Exercise prompt:
Copy out the data below as written; omit any images.

Dataset content:
--------------------

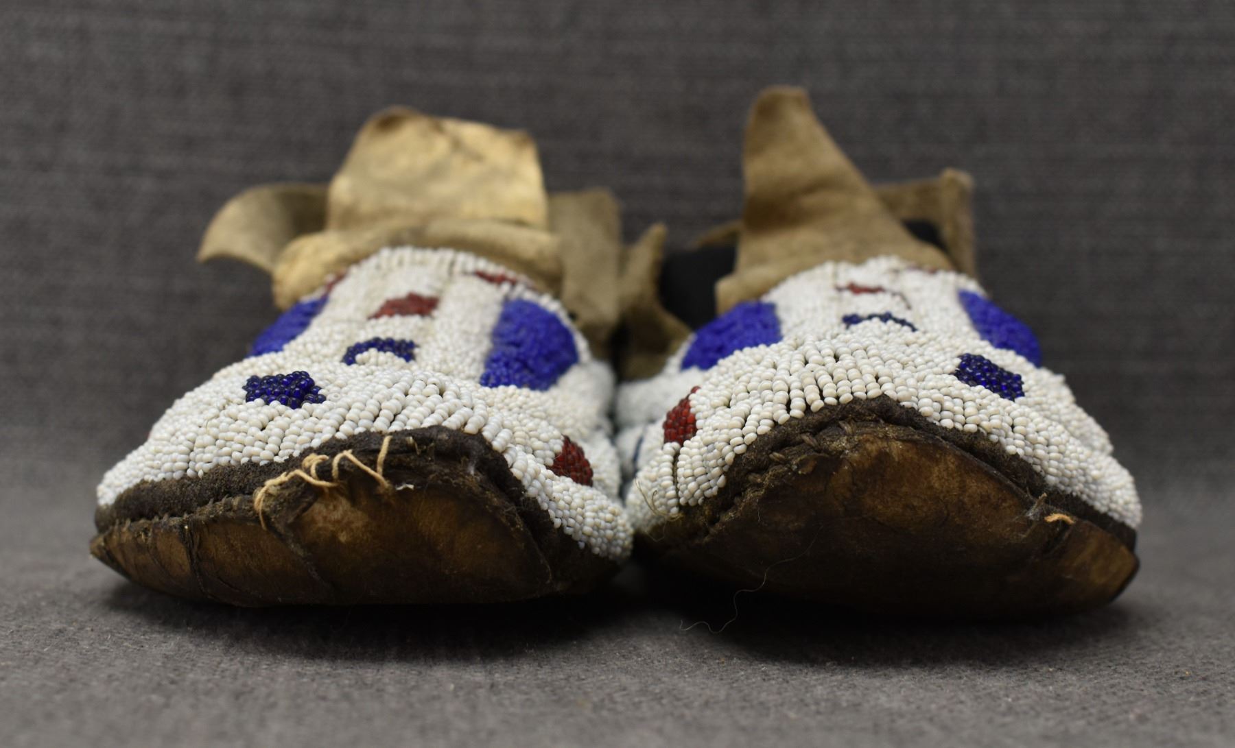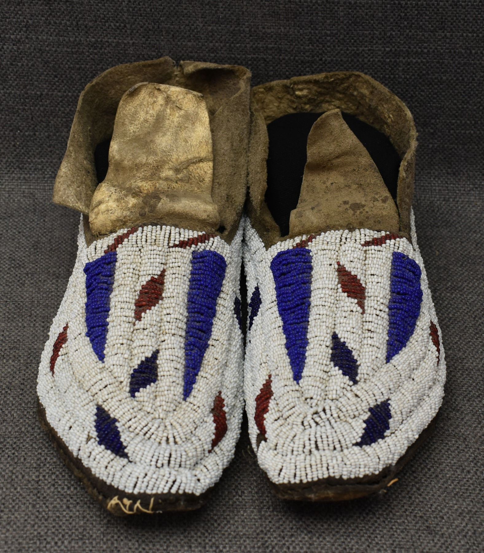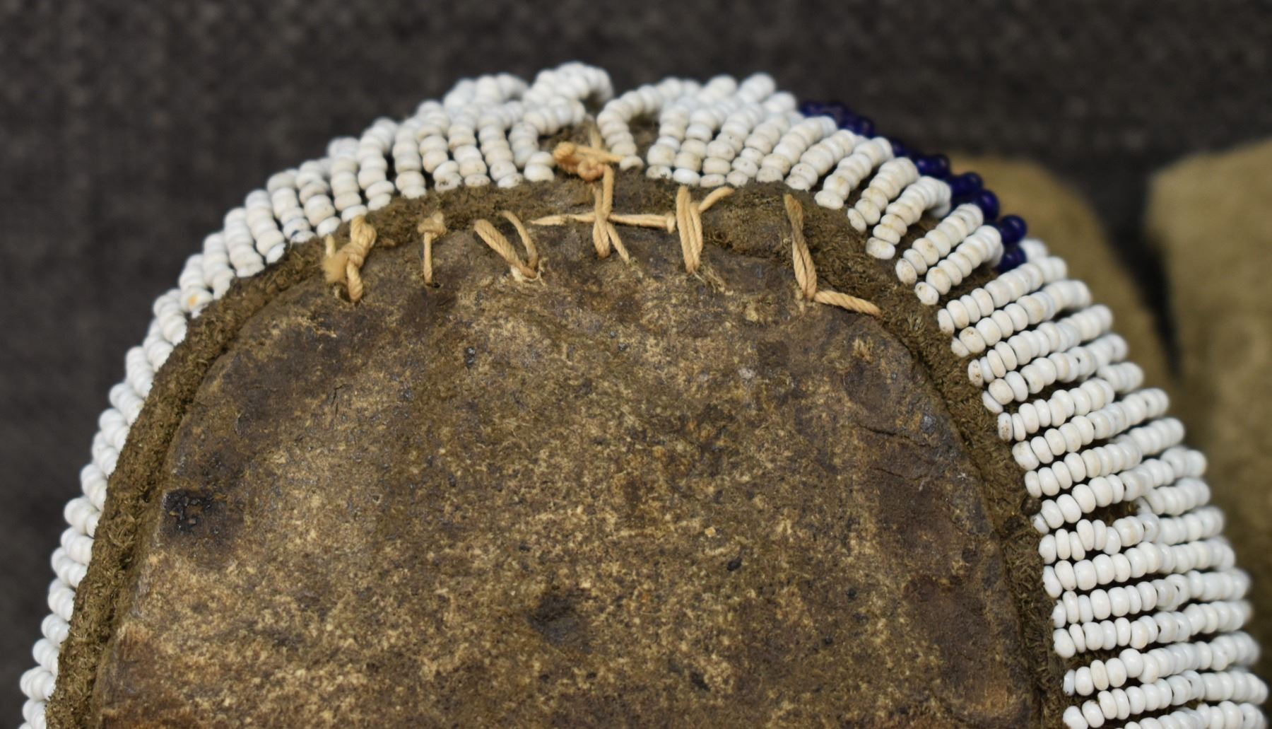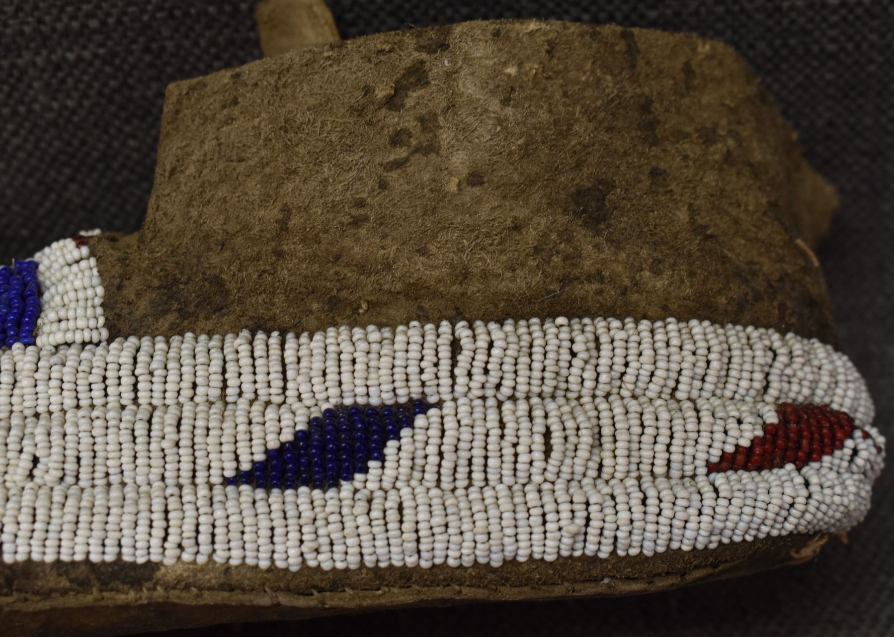 1900's Sioux. Sinew sewn beaded design on native tanned leather. 4'' x 10'' x 3.5''
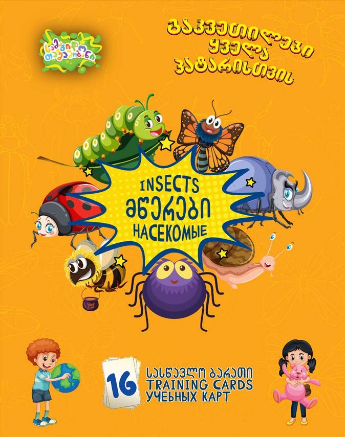 სასწავლო-შემეცნებითი ბარათები – მოიცავს 16 მყარ მუყაოზე დამზადებულ ბარათს, სადაც გამოსახულია ფერადი ილუსტრაციები და სამ ენაზე (ქართული, ინგლისური, რუსული) დაწერილი სიტყვები. ბარათები ეხმარება ბავშვებს ახალი სიტყვების დამახსოვრებაში, სხვადასხვა თემის ამოცნობასა და ენების შესწავლაში. შესანიშნავია როგორც სკოლამდელი ასაკის ბავშვებისთვის, ასევე მათთვის, ვინც იწყებს უცხო ენების შესწავლას თამაშითა და სურათების მეშვეობით.
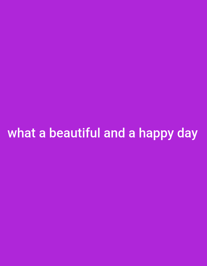 The image displays a solid, uniform background of purple color (specifically, a vibrant magenta or strong purple hue). Centered horizontally near the bottom of the frame, white, sans-serif text is present, reading: "what a beautiful and a happy day". There are no other subjects, objects, people, actions, interactions, or environmental details visible. The scene is a purely textual graphic on a colored background, located in Unknown, Unknown.

--------------------

Answer to this task:
 1900's Sioux. Sinew sewn beaded design on native tanned leather. 4'' x 10'' x 3.5''
 სასწავლო-შემეცნებითი ბარათები – მოიცავს 16 მყარ მუყაოზე დამზადებულ ბარათს, სადაც გამოსახულია ფერადი ილუსტრაციები და სამ ენაზე (ქართული, ინგლისური, რუსული) დაწერილი სიტყვები. ბარათები ეხმარება ბავშვებს ახალი სიტყვების დამახსოვრებაში, სხვადასხვა თემის ამოცნობასა და ენების შესწავლაში. შესანიშნავია როგორც სკოლამდელი ასაკის ბავშვებისთვის, ასევე მათთვის, ვინც იწყებს უცხო ენების შესწავლას თამაშითა და სურათების მეშვეობით.
 The image displays a solid, uniform background of purple color (specifically, a vibrant magenta or strong purple hue). Centered horizontally near the bottom of the frame, white, sans-serif text is present, reading: "what a beautiful and a happy day". There are no other subjects, objects, people, actions, interactions, or environmental details visible. The scene is a purely textual graphic on a colored background, located in Unknown, Unknown.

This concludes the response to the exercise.